▶ _YOUR INSTRUCTIONS_: Write every line below out again exactly, images omitted.

▶ _THE DATA_:

--

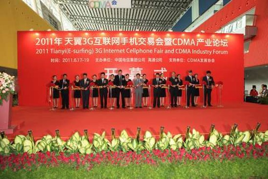 2011年6月17日,2011年天翼3G互聯網手機交易會在廣州琶洲會展中心盛大召開。本次交易會為期三天,交易會期間還召開了“2011年CDMA世界論壇”、“全球CDMA運營與發展論壇”和“中國電信CDMA產業鏈高峰論壇”。本次交易會和係列高峰論壇的召開旨在促進CDMA產業鏈各方資源的整合和信息共享,構建更加開放、充滿活力的CDMA產業鏈,營造健康有序、和諧活躍的發展環境,促進CDMA產業鏈的發展壯大和全麵繁榮。
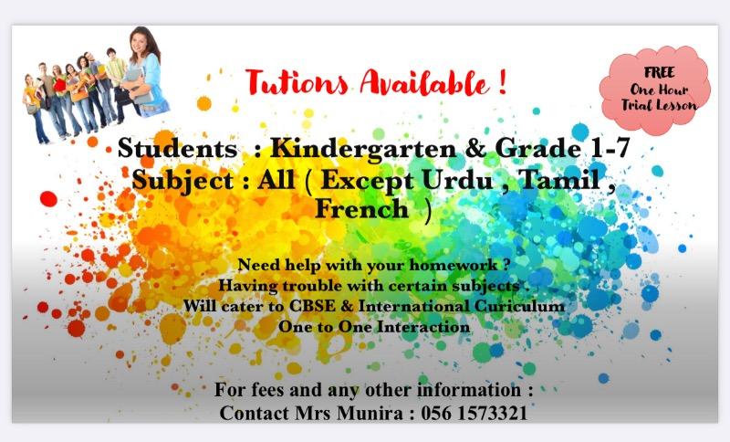 Tution available for KG - Grade 7 for All subjects
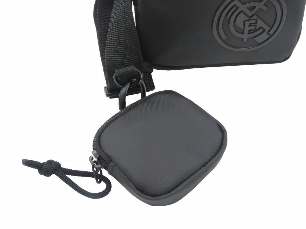 Tahle taška je přesně to, co oceníš cestou na stadion, do města nebo kamkoli, kde nechceš tahat batoh. Telefon, klíče a sluchátka máš po ruce, a díky černému designu se hodí ke všemu. Pogumovaný znak Realu Madrid na přední straně je vidět na první pohled a přitom působí elegantně. Skvělý tip na dárek pro fanouška, který to s Bílým baletem myslí vážně.

--

▶ _REPLY TO THE EXERCISE_:
 2011年6月17日,2011年天翼3G互聯網手機交易會在廣州琶洲會展中心盛大召開。本次交易會為期三天,交易會期間還召開了“2011年CDMA世界論壇”、“全球CDMA運營與發展論壇”和“中國電信CDMA產業鏈高峰論壇”。本次交易會和係列高峰論壇的召開旨在促進CDMA產業鏈各方資源的整合和信息共享,構建更加開放、充滿活力的CDMA產業鏈,營造健康有序、和諧活躍的發展環境,促進CDMA產業鏈的發展壯大和全麵繁榮。
 Tution available for KG - Grade 7 for All subjects
 Tahle taška je přesně to, co oceníš cestou na stadion, do města nebo kamkoli, kde nechceš tahat batoh. Telefon, klíče a sluchátka máš po ruce, a díky černému designu se hodí ke všemu. Pogumovaný znak Realu Madrid na přední straně je vidět na první pohled a přitom působí elegantně. Skvělý tip na dárek pro fanouška, který to s Bílým baletem myslí vážně.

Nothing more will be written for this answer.